My personal experience with racism - as a black man observing it in white society - is that it usually isn't of the activist/advocacy, white-power type. Usually, it is instead a banal and thoughtless assumption, made a priori, fundamental to the worldview, but out of sight, a forgotten brick in the wall. It's mental furniture, and the people who think that way would be enormously offended if you suggested that this forgotten assumption is actively informing the way they think.
The bell is often being rung, but it's mostly not deliberate and they don't hear it. If they did, most would certainly adjust their language.
But trying to get them to hear it is very, very difficult.

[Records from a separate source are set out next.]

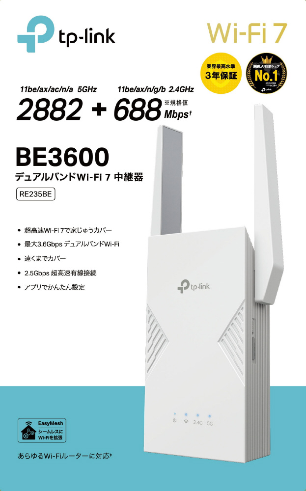 「BE3600 デュアルバンドWi-Fi 7中継器」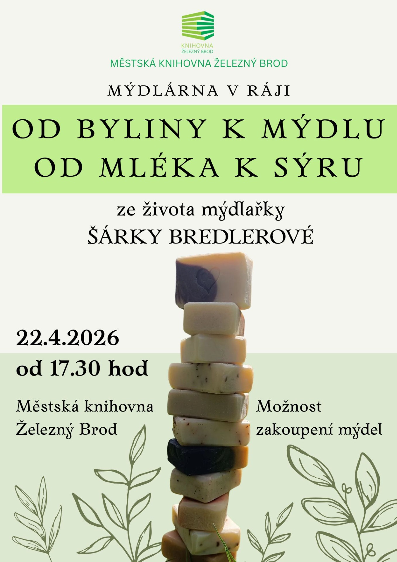 Ve středu 22. 4. 2026 v 17:30 h. přivítáme v naší knihovně Šárku Bredlerovou z Malé Skály. V rámci besedy bude možnost i zakoupení mýdel. Sama Šárka o sobě na svém webu píše: "Jsem úplně obyčejná holka, máma 5 báječných dětí a žena báječnýho chlapa.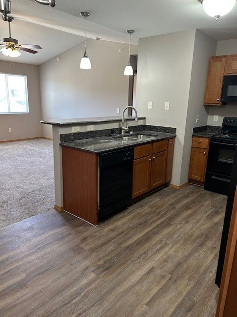 Wingover East features modern apartments and various amenities. These apartments are designed to give maximum comfort, style, and convenience. Each apartment has a private entrance, granite countertops, tile floors, central air conditioning, and walk-in closets. The upper units have a vaulted ceiling. The complex offers the following amenities: clubhouse for meetings and parties, swimming pool, fitness center, putting green, pickleball courts, and a pond. Garages are available for rent for an additional $125 a month.
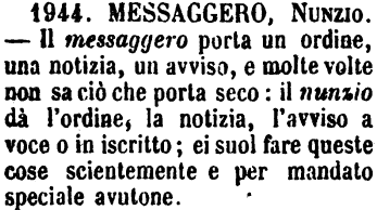 | »» Vedi anche la pagina frasi con messaggero per una lista di esempi. |

Richie Incognito was often referred to as a "thug" from what I saw and heard. And worse. He deserved it. Probably still does. Sherman's comments weren't thuggish, IMO. Sherman is brash. He's outspoken. I don't find anything he said particularly objectionable, and knowing the history and how that game went between he and Crabtree it's even less so. But people generally don't wait to hear even most of the facts before leaping to conclusions, it seems (SEE: posters aplenty the last few pages). Sherman's mouth was running, and so he's wrong. For some of them, he's wrong because he's black. For others, he's just wrong for talking trash after a game.
I think we can all agree that the proper term for Richard Sherman is "asshole". This is a race neutral term. Or maybe not. As I said, and others have observed, it was a particularly intense moment.
I think his apology was more than sufficient.